Die Welt: Syria Used Chemical Weapons In Darfur
Channel News Asia reports that tomorrow's edition of the German paper Die Welt will publish allegations that Syria used chemical weapons in Darfur:
Syria tested chemical weapons on civilians in Sudan's troubled western Darfur region in June and killed dozens of people.The German daily Die Welt newspaper, in an advance release of its Wednesday edition, citing unnamed western security sources, said that injuries apparently caused by chemical arms were found on the bodies of the victims. ...
Die Welt said the sources had indicated that the weapons tests were undertaken following a military exercise between Syria and Sudan. Syrian officers were reported to have met in May with Sudanese military leaders in a Khartoum suburb to discuss the possibility of improving cooperation between their armies.
According to Die Welt, the Syrians had suggested close cooperation on developing chemical weapons, and it was proposed that the arms be tested on the rebel SPLA, the Sudan People's Liberation Army, in the south.
So we have another Ba'athist regime using chemical weapons to put down a civil war. Anyone want to guess where they got the weapons? Because this happened in May, several months after Saddam Hussein was captured, it doesn't take much imagination to picture Bashir Assad's calculations. With Saddam and his regime gone, those Iraqi weapons came in awfully handy. It makes that al-Qaeda attempt at using a chemical-weapons bomb in Jordan look less like a fluke, doesn't it?
But no one in that area has WMD capability ... Bush lied, after all. Just ask the people of Darfur. (via The Corner)
UPDATE: Here is a translation of the Die Welt article by CQ reader Chuck Bearden:
Syria tests chemical weapons on Sudanese
Intelligence services: dozens of victims
by Jacques Schuster
[translated by Chuck Bearden]
Berlin - Syrian units employed chemical weapons against the black
African population of Darfur in June of this year. The action, in
which dozens of people were killed, was carried out with the
agreement of the Sudanese government. Western intelligence services
have reached this conclusion. They are supported by eyewitness
reports that have been published in various Arab media outlets.

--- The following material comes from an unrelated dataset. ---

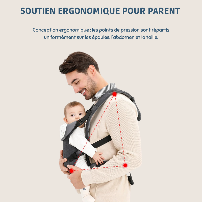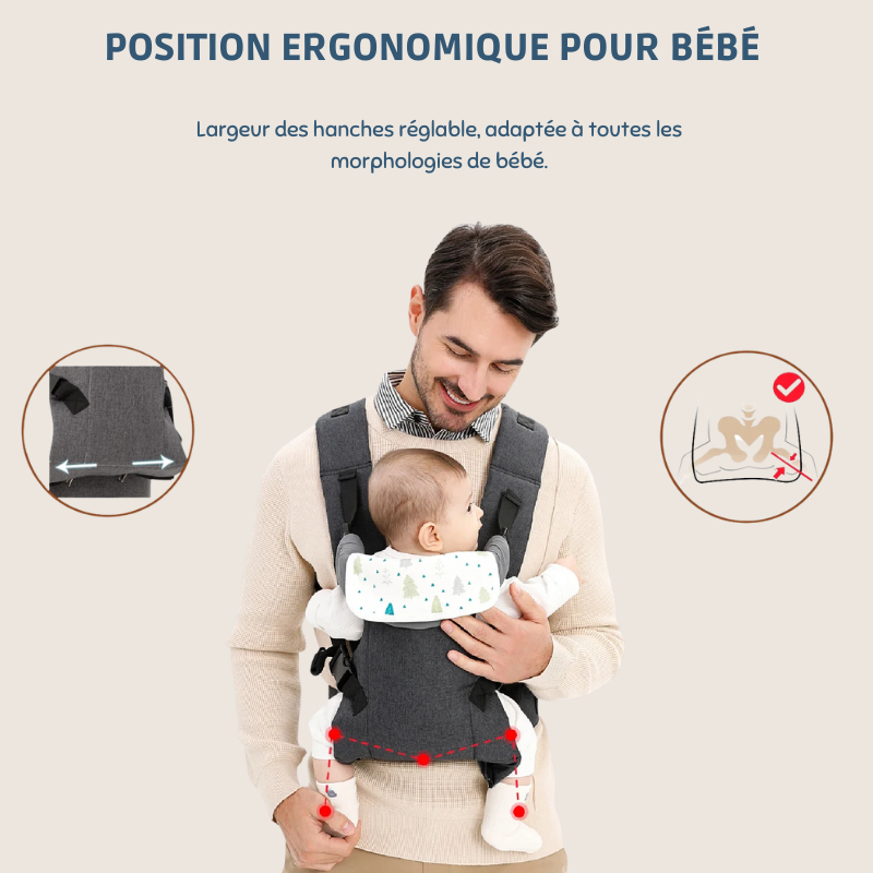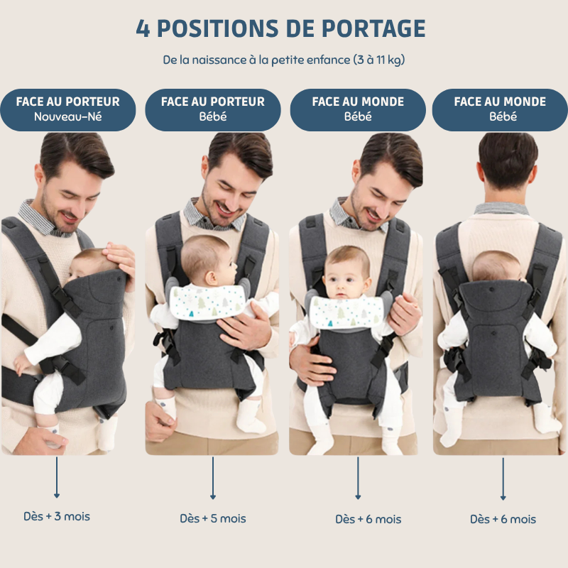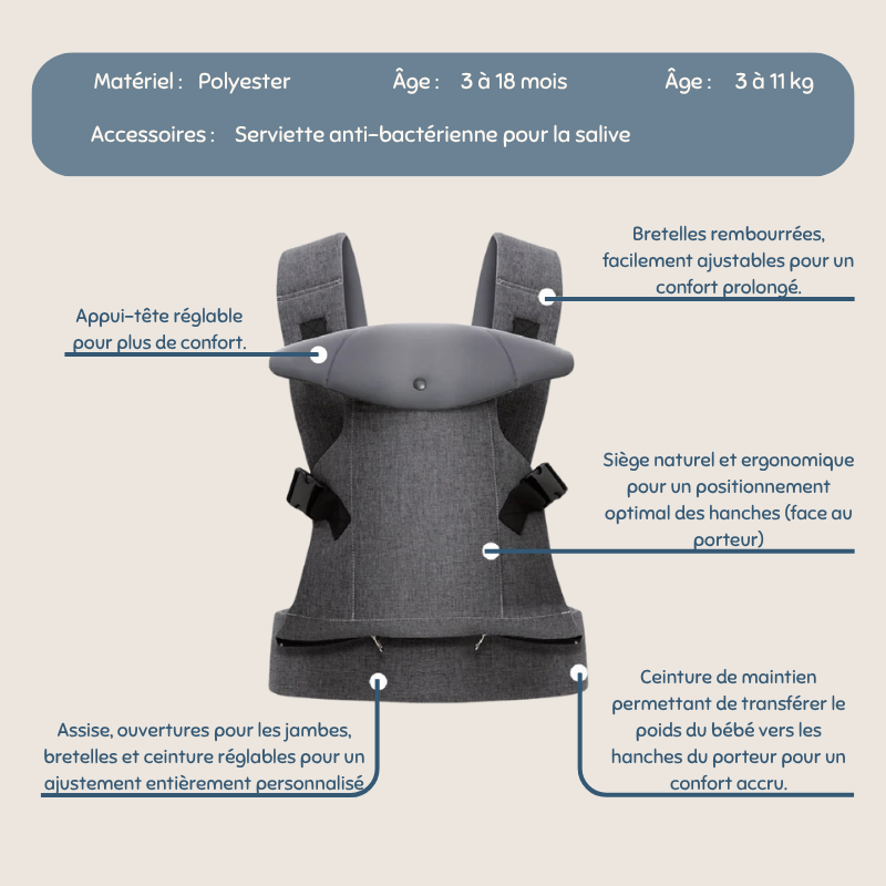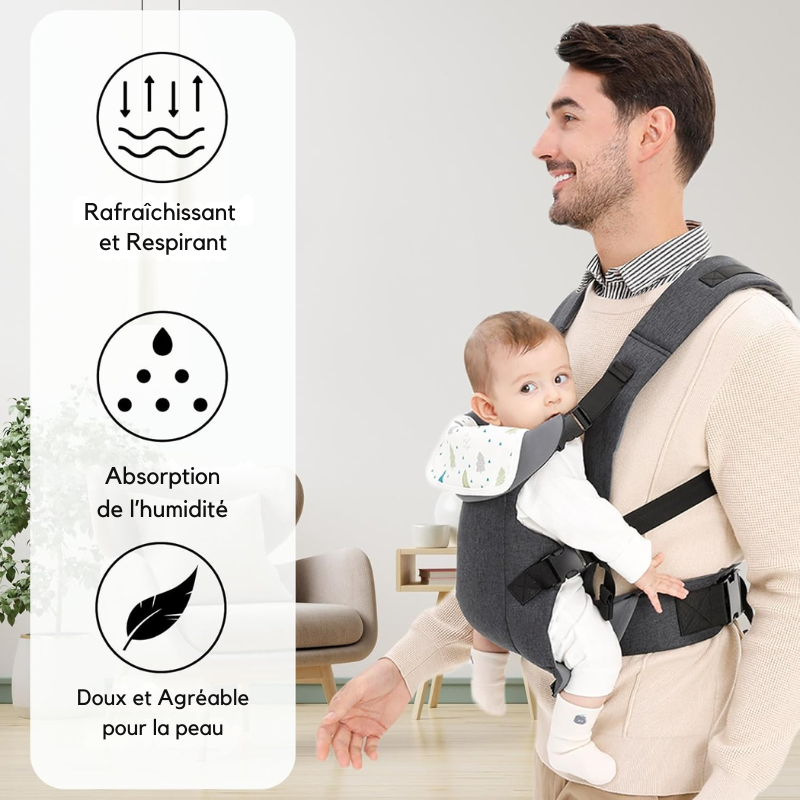- Façon de porter : Transport avant, Face avant, Face-à-face, Porte-bébé dorsal

According to the documents of western intelligence agencies in
possession of die Welt, Syrian officers met in May of this year with
representatives of the Sudanese army in a suburb of Khartoum. Their
conversations dealt with how to expand military cooperation.
According to intelligence information, the Syrian delegation offered
Sudan closer cooperation with respect to chemical warfare. According
to the sources, it was suggested that the effects of chemical weapons
be investigated on rebels of the Sudan People's Libaration Army (SPLA).

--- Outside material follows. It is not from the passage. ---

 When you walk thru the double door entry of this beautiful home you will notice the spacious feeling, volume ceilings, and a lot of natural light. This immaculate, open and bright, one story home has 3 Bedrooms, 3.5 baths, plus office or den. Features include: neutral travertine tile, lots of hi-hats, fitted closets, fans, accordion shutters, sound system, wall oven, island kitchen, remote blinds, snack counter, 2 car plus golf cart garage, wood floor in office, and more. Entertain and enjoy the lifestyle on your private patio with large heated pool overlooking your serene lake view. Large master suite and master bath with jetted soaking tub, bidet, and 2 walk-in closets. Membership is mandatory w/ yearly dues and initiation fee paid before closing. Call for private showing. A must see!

Because Khartoum was engaged in peace negotiations with the rebels in
May, the Sudanese delegation apparently recommended testing the
weapons on the black African population. To that end, at least five
airplanes of the Syrian civilian airline Syrian Arab Airlines flew
from Damascus to Khartoum, carrying specialists from the Syrian
academy for chemical warfare with technical equipment on board.
It cannot be precisely determined when the use [of the chemical
weapons] in Darfur began. However, in an article on the Arabic
website "Ilaf" from August 2, Sudanese eyewitnesses tell of strange
goings-on in Khartoum's Al-Fashr Hospital. In June, dozens of frozen
corpses were quite suddenly brought to the hospital. They displayed
mysterious injuries over their whole bodies. After a short time,
Sudanese soldiers blocked off a wing of the hospital. If one is to
believe the witnesses, access was thereafter permitted only to an
unknown team of Syrian doctors. After [some] days, Sudanese forces
removed the bodies.
Military experts have for some time possessed information about
Sudanese-Syrian cooperation in the area of chemical weapons research.
Reports continue to surface from Syrian opposition figures of
chemical weapons tests on prisoners.